Max ESCALON de FONTON

*Dans la tradition paléo-européenne, pendant les fêtes liées à l'équinoxe de printemps, on allumait des feux, et des cendres étaient répandues dans les champs. Les Celtes d'Irlande et les Germains ont "christianisé" ces grands  feux de Pâques. Aujourd'hui, la liturgie catholique célèbre le "Feu nouveau" dans la nuit de Pâques. Denys L'Aéropagite explique que le Feu (purificateur) est le meilleur symbole du Divin ; la moins imparfaite de ses représentations. Dans sa "Hiérarchie céleste", séraphins veut dire incandescent, brûlant. D'où le symbolisme solaire.  La cendre, résultat de la combustion des impuretés est utilisée, une fois bénite dans "l'imposition des cendres", la consécration d'une église, etc.

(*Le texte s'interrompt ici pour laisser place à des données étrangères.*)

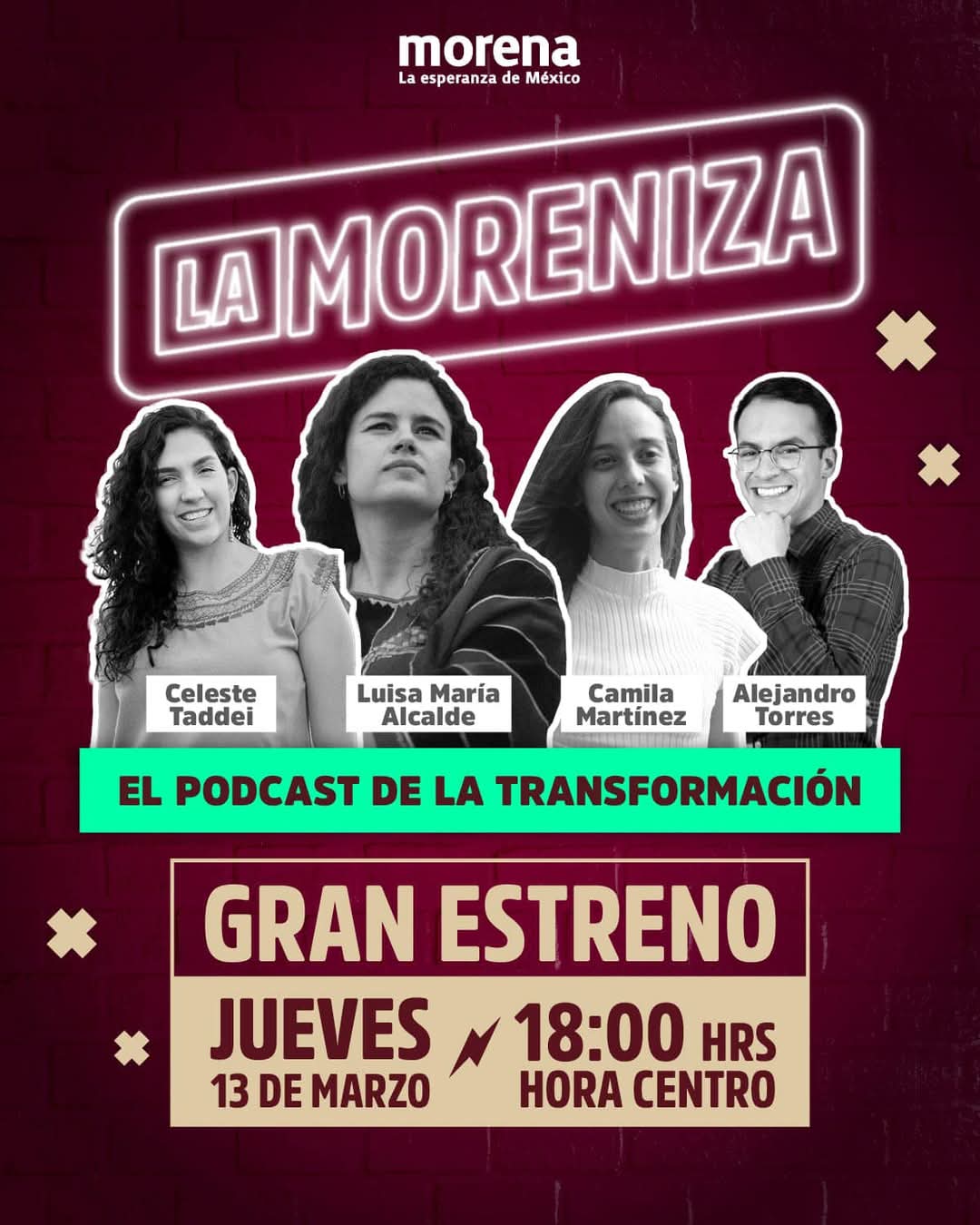 Ciudad de México, a 12 de Marzo de 2025.- El próximo jueves 13 de marzo, a las 18:00 horas (centro), Morena estrenará La Moreniza, el podcast de la Transformación, espacio que servirá para conectar con la militancia y el cual será conducido por la Presidenta Nacional de Morena, Luisa María Alcalde Luján, así como por militantes, integrantes del Comité Ejecutivo Nacional (CEN) y figuras centrales del Movimiento.

** L'oeuf est aussi symbole du principe de l'union des complémentaires en ce sens qu'il contient, dans son unité de synthèse, le blanc célestiel et le jaune terrestre. C'est cette "inversion" des couleurs symboliques (le blanc lunaire et le jaune solaire) qui, à son tour, symbolise le "retour au Pincipe" de la création à la suite de la Rédemption. Dieu se faisant Homme (le jaune solaire se fait blanc lunaire) pour que l'Homme devienne Dieu (le blanc lunaire, rédimé devient le jaune solaire). Ainsi, l'oeuf microcosme ayant réalisé l'union des complémentaires, et, ainsi, ayant dépassé tout dualisme, rejoint son Principe supérieur au-delà des cycles : le Macrocosme, le séjour divin.